Матросы с парохода раздеваются на ходу — и ловко спрыгивают в плескающуюся воду, брыкаются, брызгают, взмахивают враз пятками над водой, ухарски подбрасывают, выскакивая из воды, голые, крепкие, молодые тела, весело розовеющие на заходящем солнце. Кто-то свистит с парохода — и вода стихает, матросы обуваются, бегают по пароходу.
Два мальчика, голоногие, без шапок, в дощатой, еле живой лодчонке подплывают близко к пароходу, выделывают всякие штуки: вертятся колесом в лодке, гребут, хватаясь за весла ножонками, цепляясь большими пальцами, раскачивают лодку, как люльку, стоя на носу. Старшка на пароходе, в сером платке с зелеными травами, ахает на них и при при всякой новой шутке вскрикивает:
— Утопнут, родные, утопнут!
И нагибается над палубной решеткой, кричит им что-то, но ничего не слышно: свистят пароходы, воркуют голуби, топают ногами в трюме, ругаются на пристани, звонят уж ко всенощной, — и ухают, ухают бурлаки…
Последний свисток. Пароход отваливает. Ему тесно на маленькой Вологде. Он идет почти у самого берега. Заметно вечереет, но как светло, как светло! Ночь осторожная, робкая: будто высматривает, где ей лучше подкрасться, понезаметней, — и подкрадывается у самого берега, у воды: там чернеется темной глубокой полосой, а на середине реки вода еще светлая, живая, веселая. Сколько кустов наклонилось к воде — и сколько в них соловьев! Перелетает из куста в куст соловьиная песня; вылетает из кустов — летит по реке. Мохнатые зеленые лапы тянутся к самой воде, а иногда, кажется, поднимаются из воды: орешник, ивняк, осинник, березник тихо трепещут у воды. Был недавно паводок: река полная, самые низкие берега залиты. И в берегах, на лугах, в кустах так тихо, так вольно, что утки вылетают, спугнутые пароходом, из-под самого носа, и, покружив около берега, опять возвращаются на старое место: ловить мошкару у кустов. Птичьи голоса — кто разберет, чьи и какие? — доносятся с лугов, из кустовой чащи, из ближайшего леска. Наступает ночь — розовая ночь.

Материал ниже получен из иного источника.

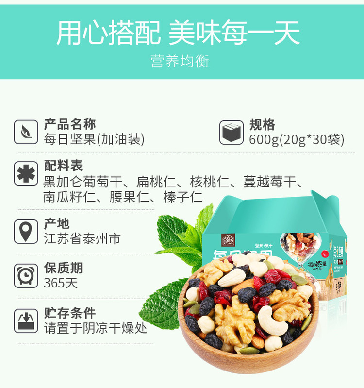 每日坚果礼盒600g混合坚果30包干果仁孕妇零食坚果大礼包
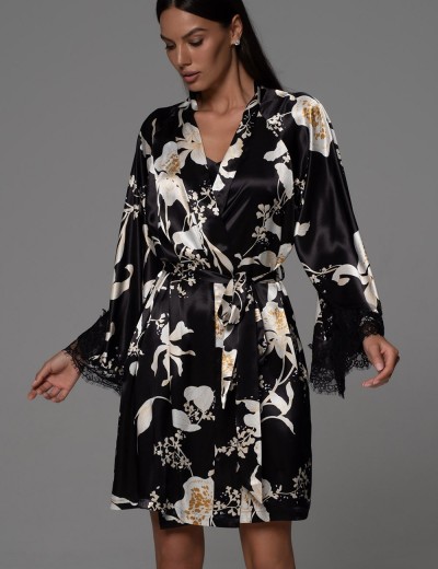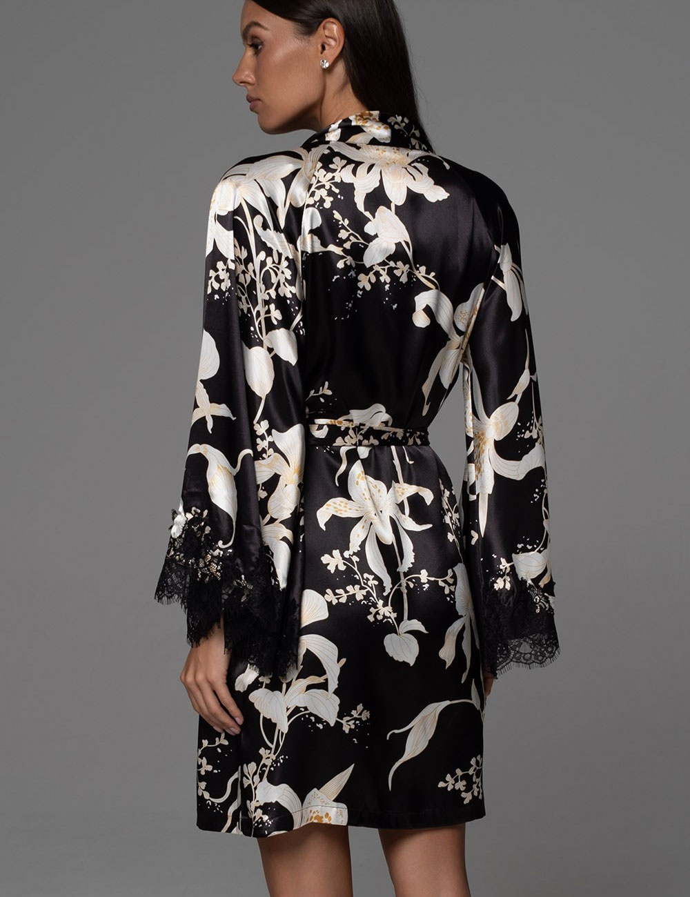 Нежный халат-кимоно ARABEL 4773 от Mia-Amore — это уютный бестселлер из смесового натурального шёлка чёрного цвета с белым рисунком орхидей. Он разбудит в тебе спокойную женственность! Широкое кружево с ресничками по низу рукавов добавляет лёгкость. Идеально для утреннего кофе или вечернего чилла — чувствуй себя королевой в домашнем раю.

На пароходе ложатся спать. Гаснут огоньки в окошках.
В воде — розовое, далекое и странное небо, дрожит, дробится, плещется; сырыми узкими кругами отскакивают волны от парохода. А там, где вода спокойна, перед пароходом и далеко на залитых лугах, — там розовая вода пересыпана нежными пробегающими искорками — легкой водяной рябью. Небо светится над горизонтом и, чтобы не потускнело, чтобы ночь была светла, выходит красно-золотая луна. Кажется, ее кто-то катит по воде, а она, тяжелая, большая, катится медленно, все светлея, все светлея. Наволакиваются сырые тучи: то темнеет воздух и настоящая ночь наступает, то опять розовая, но тускнеющая совсем вода и огромная луна.
Река так полна, пароход идет так близко к берегу, потому что сам берег так близок и справа и слева, что кажется вот-вот пароход расплескает воду, и она выплеснется на берег…

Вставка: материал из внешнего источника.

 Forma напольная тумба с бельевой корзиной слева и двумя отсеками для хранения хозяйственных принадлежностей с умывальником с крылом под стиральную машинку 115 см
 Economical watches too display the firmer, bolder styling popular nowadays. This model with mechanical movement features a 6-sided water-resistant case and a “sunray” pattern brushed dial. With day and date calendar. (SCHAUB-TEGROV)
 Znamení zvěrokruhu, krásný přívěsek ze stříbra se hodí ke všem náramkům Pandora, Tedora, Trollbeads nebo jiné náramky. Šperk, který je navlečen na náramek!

Мы въезжаем в какое-то озеро: прямо, позади, справа, слева — всюду вода. Да здесь и впрямь озеро: весною Вологда и Сухона разливаются здесь на 75 верст; а народ назвал это место даже не озеро, а «Озера».
Гудок пароходный гудит широко, жалобно, протяжно. Не понимаешь, куда пойдет пароход: всюду река. Мы въехали в Сухону. Прощай, милая, маленькая, луговая, лесная Вологда!
— Спать, спать! — говорю я товарищу. — Не насмотришься.
— Еще немножко.
Я торжествую:
— Ага, вот она, северная первая ночь. То ли еще будет!
Свежий ветерок обвивается о пароход.
Красные маленькие огоньки на воде пускают красненькие тонкие дорожки. На воде как будто гомонится какой-то неясный говор: это плотовщики на плотах; как шашечные клеточки, плоты, один за другим, стелятся по воде. Пароходная волна колеблет их, раскачивает, наволакивает один плот на другой. Горят костры. Плотовщики чайничают. Где-то играет гармоника, и песню тоскливо относит ветерок в луга, в пустоши…
Холодно.
— Спать, спать!
Я увлекаю товарища, и мы укладывается в каюте на покой.
Пароходное шумливое утро будит нас.
Мы стоим. Топают в трюме. Пароход грузится. Вот она, Сухона.
— Знаешь, она похожа на Каму, — говорит мой спутник.
Да, такая же, как Кама, только кто из них безлюднее, тише? Высокий берег буграми и песчаными свалами приподнят над водой. Спокойный ровный хвойный лес на желтом и красном песке и дремотная застоявшаяся зеленая тишь в овражках, в ложбинах, в логах, сбегающих к реке, перемежая собой высокие зубцы берега с темной зеленью неподвижного леса, — лес и тишина покоят безлюдную реку. Редко, редко мелькнет деревня, еще реже — село. Широкие избы из хорошего леса тремя окнами к реке; крылечки — на точеных столбиках, пузатеньких и смешных — и как будто чугунных: такие крепкие и черные; деревянная церковь под стать избам: старинной стройки, с маленькими окошками, и в простом, в деревянном своем убранстве сурово-спокойная, крепкая, прекрасная.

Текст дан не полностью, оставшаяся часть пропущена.